Exemplos concretos, têm sido os avanços na produção de plantas florestais em viveiro (cerca de quatro milhões de plantas), através da instalação de estufas de sistemas de rega e da introdução de novas técnicas de produção. No fomento florestal privado, atingimos um bom objectivo de arborização de cerca de 500ha/ano. Por outro lado, e com o objectivo essencial de conhecimento e de evolução do sector florestal, foram lançados dois importantes Projectos /Plano de base - um sobre o Inventário Florestal dos Açores, visando a determinação das áreas e do volume de madeira existente na Região, e o outro, sobre o Melhoramento Florestal dos Açores, vocacionado para o aproveitamento da capacidade produtiva dos povoamentos de criptoméria e da diversificação da floresta açoriana.
Num balanço sucinto ao período de 1997 a 2003, os Serviços de Ilha dependentes da Direcção Regional dos Recursos Florestais recuperaram e conservaram em média cerca de 750 quilómetros de caminhos por ano; revestiram a betuminoso 211 quilómetros; melhoraram a rede de drenagem com construção de 900 aquedutos e 106 quilómetros de valetas em betão; e, construíram 125 quilómetros de novos caminhos.

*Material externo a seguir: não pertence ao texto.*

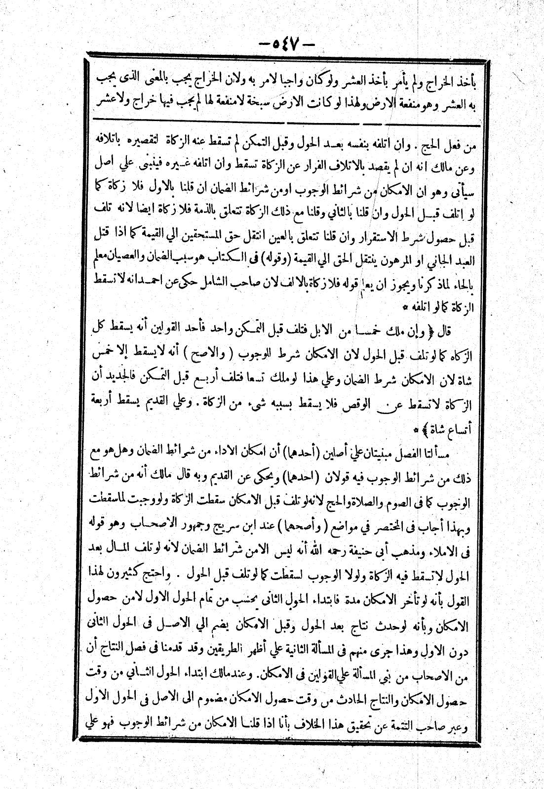 واحتج كثيرون لهذا القول بأنه لو تأخر الامكان مدة فابتداء الحول الثاني يحسب من تمام الحول الاول لامن حصول الامكان وبأنه لو حدث نتاج بعد الحول وقبل الامكان يضم الي الاصل في الحول الثاني دون الاول وهذا جرى منهم في المسألة الثانية علي أظهر الطريقين وقد قدمنا في فصل النتاج أن من الاصحاب من بنى المسألة علي القولين في الامكان.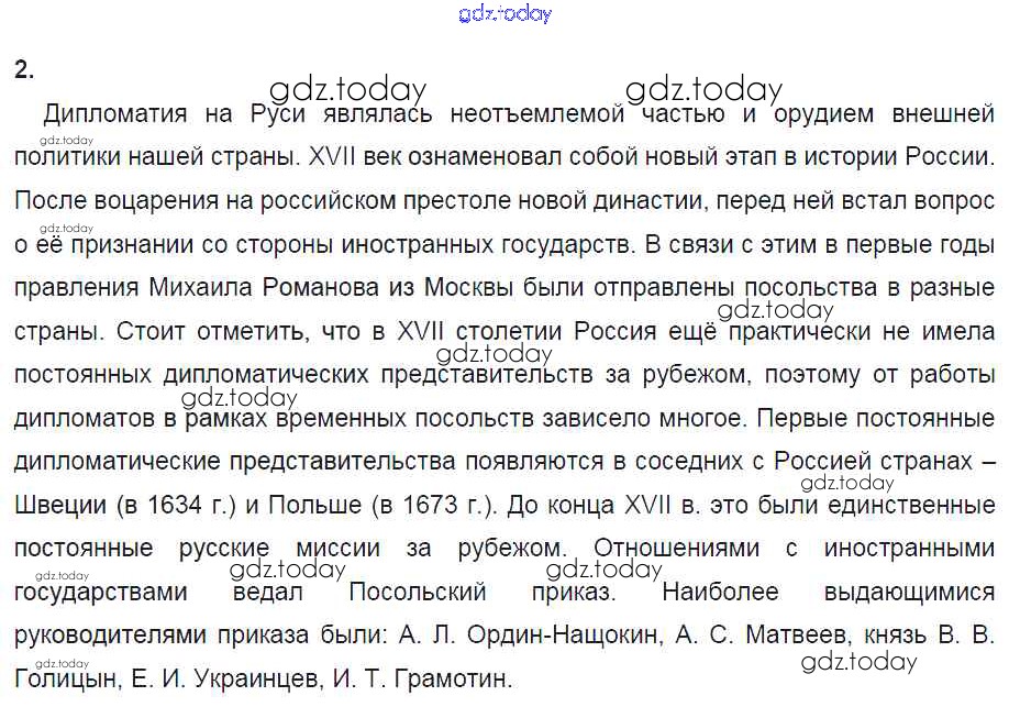 На страницах сайта gdz.today вы найдете учебный и вспомогательный материал, направленный на улучшения знаний школьной программы. ГДЗ - онлайн мир знаний Решение к § 21—22. Россия в системе международных отношений 2 Рабочей тетради по Истории России для 7 класса Данилов, Косулина Просвещение УМК 2016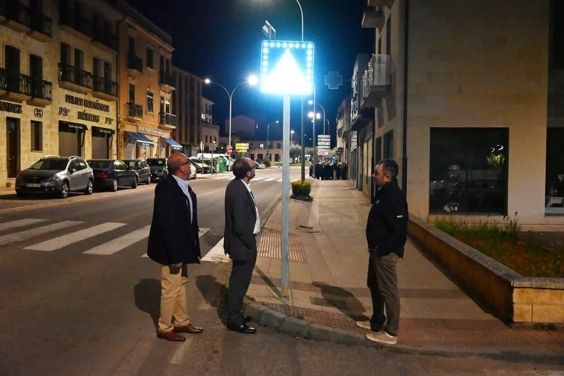 El Ayuntamiento de Ciudad Rodrigo ha completado la colocación de las señales luminosas que ha adquirido la Delegación de Tráfico y Policía Local para “reforzar la seguridad en las zonas escolares, parques y puntos problemáticos”, según apunta el delegado del área, Rubén Benito, quién junto al alcalde Marcos Iglesias, Ramón Sastre y José Manuel Jerez, visitaron las zonas donde se han dispuesto.
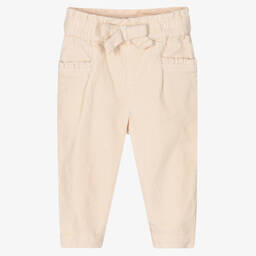 Lovely dark pink trousers for little girls by Mayoral, in a relaxed, slouchy fit. Made in soft cotton corduroy and fully lined, these stylish bottoms have sweet ruffle trimmed pockets, and a cute bow on the stretchy, adjustable waist.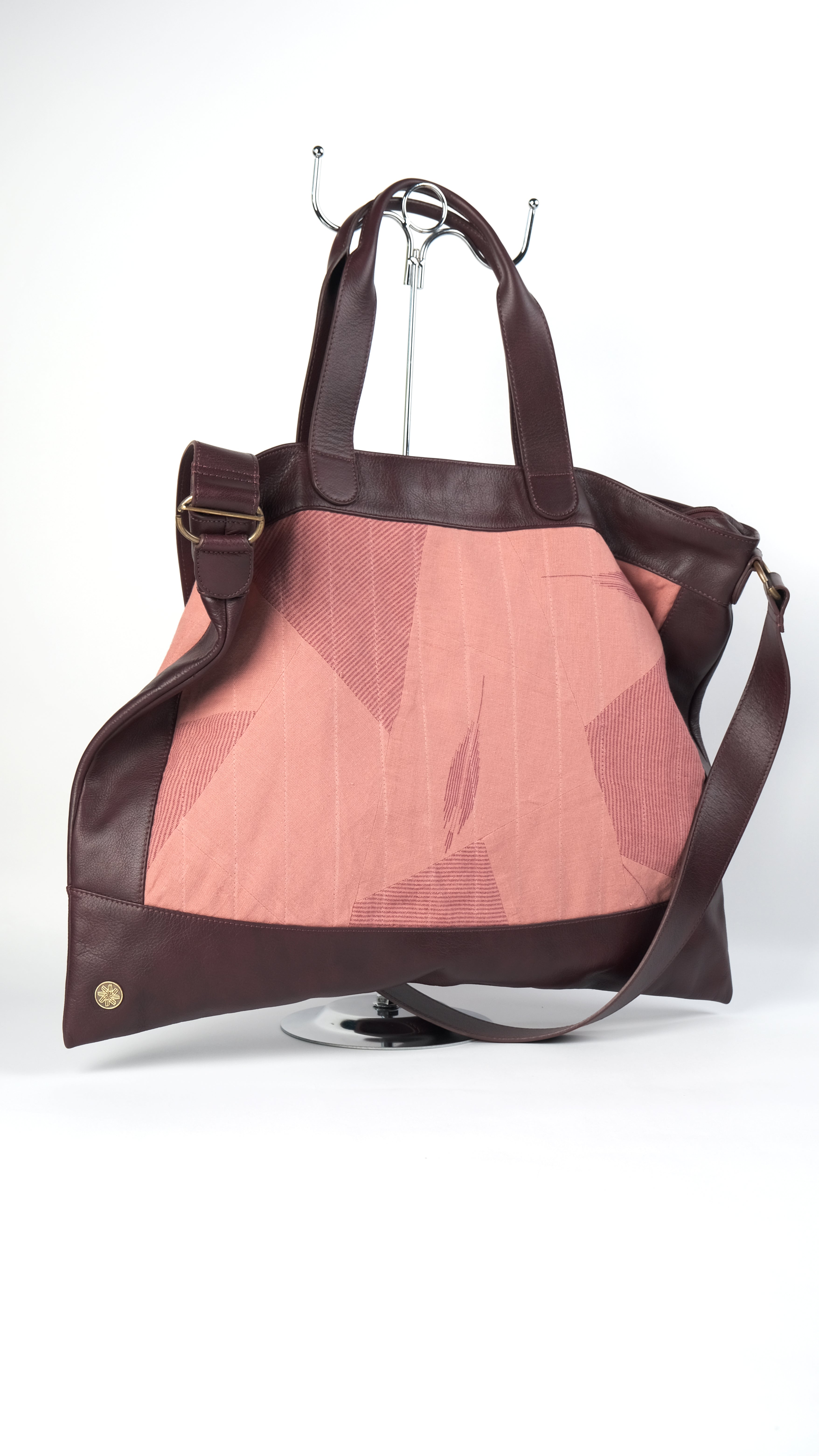 Each bag is crafted from premium Egyptian leather, framing a uniquely colored, quilted panel of handwoven Nagada linen. The structured leather provides strength to the soft quilted linen, while the contrast between the two colored materials makes every piece one of a kind.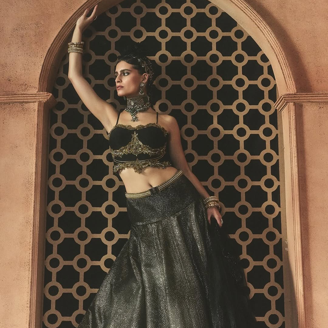 Sonakshi Sinha in embroidered lehenga with bustier & jacket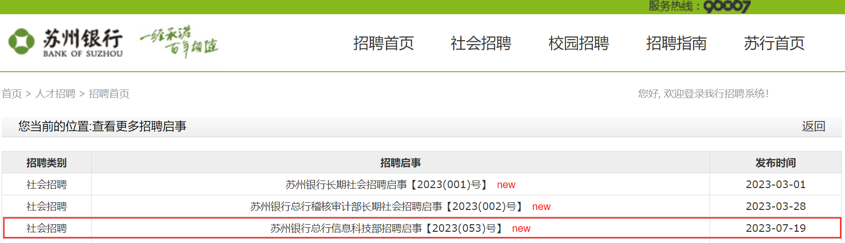 1.應(yīng)聘者個人信息僅用于此次招聘,蘇州銀行對未被錄用人員的材料將代為保密,恕不退還;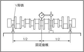 將三菱S6R柴油發動機曲軸的前后端軸頸座在V 型鐵塊上,測量中央軸頸的跳動量。參照標準值,跳動量較小的用研磨方法修正。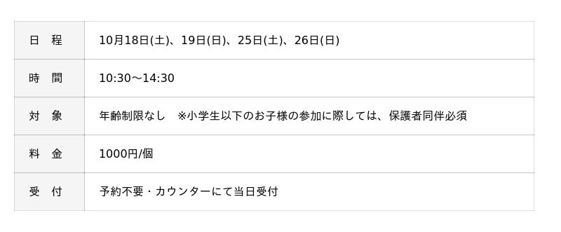 ジャックオーランタン型のハロウィンバスケットを作るワークショップです。完成したバスケットは当日のパレードで実際に使用可能。親子でハロウィンの思い出作りにもおすすめです。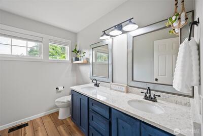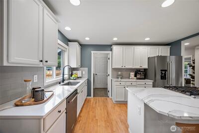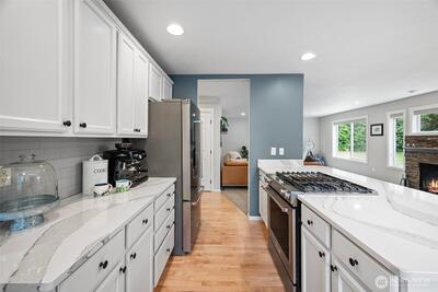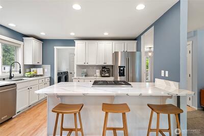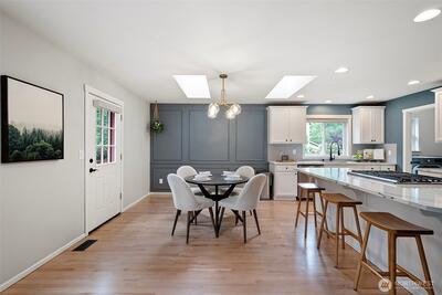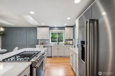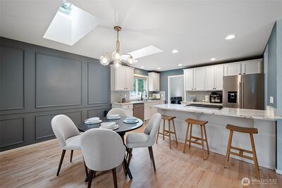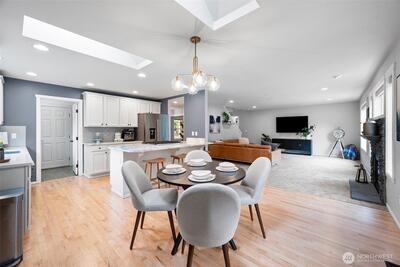 Tucked in close to charming downtown Gig Harbor, this beautifully updated home sits on a hard to find flat .61 acre lot—perfect for gardening, play, or future expansion. Enjoy the ease of main-level living with a spacious primary suite. Natural light pours in through skylights that brighten every corner of the main floor. The kitchen shines with sleek Cambria quartz countertops, new appliances, and modern finishes. A tankless water heater and A/C ensures comfort and efficiency. This is the ideal blend of location, lifestyle, and livability—just minutes to shops, dining, and the waterfront. Don’t miss this opportunity!

O investimento em espaços de recreio florestal foi também intensificado, como é exemplo esta Reserva do Pinhal da Paz que se encontrava abandonada, tendo os Governos Regionais a que tenho presidido recuperado e beneficiado outras 22 Reservas Florestais, e procedido à criação de novos espaços.
Por outro lado, o Corpo de Polícia Florestal viu o seu número de efectivos aumentado em 65% e melhorados os seus meios operacionais e de trabalho com a aquisição de 18 viaturas ligeiras todo-o-terreno, com sistemas de comunicações, fardamentos e armamento.
Gerir recursos naturais representa um desafio não só técnico, mas também político, social e ético. Técnico, de forma a garantir que as soluções adoptadas, no actual estado do conhecimento e da tecnologia, sejam as que melhor assegurem as capacidades ambientais e a eficiência económica das actividades. Político, social e ético, porque, nestes actos de gestão, estamos, muitas vezes, não apenas a desenvolver princípios que não são os que a nossa biologia determina - a simples sobrevivência como ser e como espécie - como temos até que moderar ou alterar alguns dos comportamentos sociais e culturais mais correntes e desviantes face aos grandes desafios contemporâneos da preservação dos recursos e da sustentação a longo prazo contra os imediatismos desenvolvimentistas.
A Água e a Floresta não escapam, evidentemente, à necessidade dos governos actuarem com esses sentidos político, social e ético.
Nem sempre é entendida a acção do governo na protecção ambiental e dos recursos naturais. Muitos encaram-na como burocracia, como um desejo de complicar, como um travão à iniciativa ou como um impedimento à mudança ou à transformação. A verdade, porém, é que não podemos facilitar hoje para todos pagarmos amanhã um preço elevado e sem retorno. Só assim é que haverá progresso verdadeiro e não uma ilusão momentânea que se autodestruirá no futuro. Só assim os Açores continuarão a ser a região ambiental que nós – e os que nos visitam - tanto apreciam.”